NotImplementedError – if __call__ and sample are not overwritten.

Note

  • mps devices might not work for all callbacks.

finalize(*args, **kwargs)[source]

Gets called at the end of sampling. Can access any variable in locals() when called. Should be used for calucalting stats over chains, for example average chain loss.
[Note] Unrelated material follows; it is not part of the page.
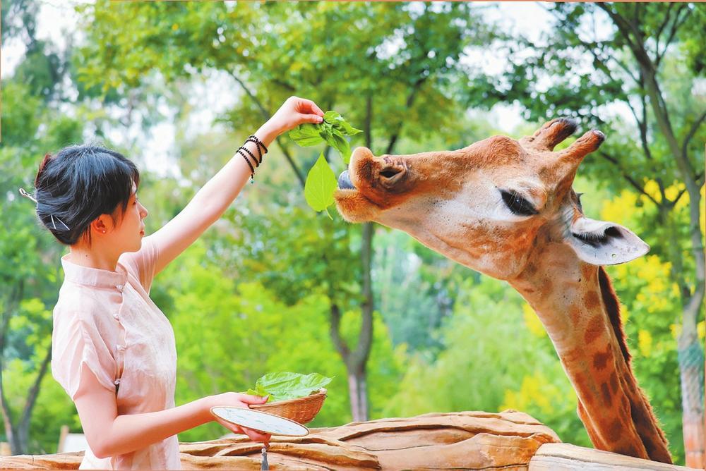 云南野生动物园内,游客与长颈鹿互动。记者 朱海 摄

sample(*args, **kwargs)[source]

Does not get called automatically, but functions as an interface to easily access stats calculated by the callback.

devinterp.slt.cov module

class devinterp.slt.cov.BetweenLayerCovarianceAccumulator(model, pairs: Dict[str, Tuple[str, str]], device: device | str = 'cpu', num_evals: int = 3, **accessors: Callable[[Module], Tensor])[source]

Bases: object

A CovarianceAccumulator to compute covariance between arbitrary layers. For use with devinterp.slt.sampler.sample().

Parameters:
  • model (torch.nn.Module) – The model to compute covariances on.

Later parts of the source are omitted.